Behind the Wheel: Driving Excellence in Staffing Operations

I am often asked why I wrote a book about the staffing industry. I felt like a book on staffing management needed to be written. There was no business case or financial model, just a belief that strong management is critical to the future of our industry. We needed resources that helped managers understand there unique role as well as their importance.

The purpose of the book is to improvement management performance through more effective decision making and collaboration. In order to accomplish that goal, this book defines the performance drivers, provides a shared language, and clarifies the management roles.

Defining performance drivers: The key elements of any growth strategy are defined by the performance drivers – Sales Strategy, Operational Alignment, and Performance-Driven Culture. The Sales Strategy begins by identifying both target market and the sales capabilities required to be successful. Operational Alignment ensures the organization has the capabilities to deliver their value proposition. The Performance-Driven Culture is the x factor in staffing operations and the fuel for top-line growth. All managers must understand the role of each of these drivers and how to manage to them effectively.

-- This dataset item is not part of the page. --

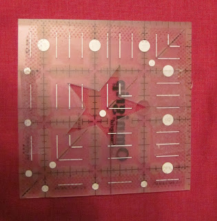 This is the fabulous Jo Morton fabric that have used in several of the other projects that I've shown this summer. I needed to cut squares that are 3.5" with the star centered. To make it easy, I used a 40% coupon to get a 3.5" ruler.I then traced one of the stars from the fabric onto template plastic and cut it out with a craft knife. Then I cut the plastic to 3.5" (centering the star) and taped it to the back of the ruler.

Providing shared language: As a company grows, having a disciplined vocabulary becomes more and more important for management problem solving and collaboration. I have seen management sessions deteriorate into heated disagreements due to poor language. Oftentimes they are agreeing on substance, but disagreeing on semantics. Poor language also leads to undisciplined thinking and flawed problem solving. How is a manager able to weigh all the variables if they can’t clearly define and communicate them? While language is not commonly recognized as an issue, it is a critical centerpiece for effective management.

Defining Management’s Role: One of my new favorite sayings is that the “one thing new managers clearly understand is what they don’t have to do”. This is especially true for the internally promoted employee whose primary motivation to go into management is boredom with their current job. Managers who don’t have clearly defined roles find themselves reacting to problems instead of proactively leading their teams. The book helps managers define their unique responsibilities and thus empowers them to drive improvements instead of just reacting to daily problems.

The book was written to empower management on executing their unique strategy. While I believe this provides a good start, there was a lot I removed from the book and still more to be written. For this reason I am working on two more books which should be released in the last half of 2014 and 2015.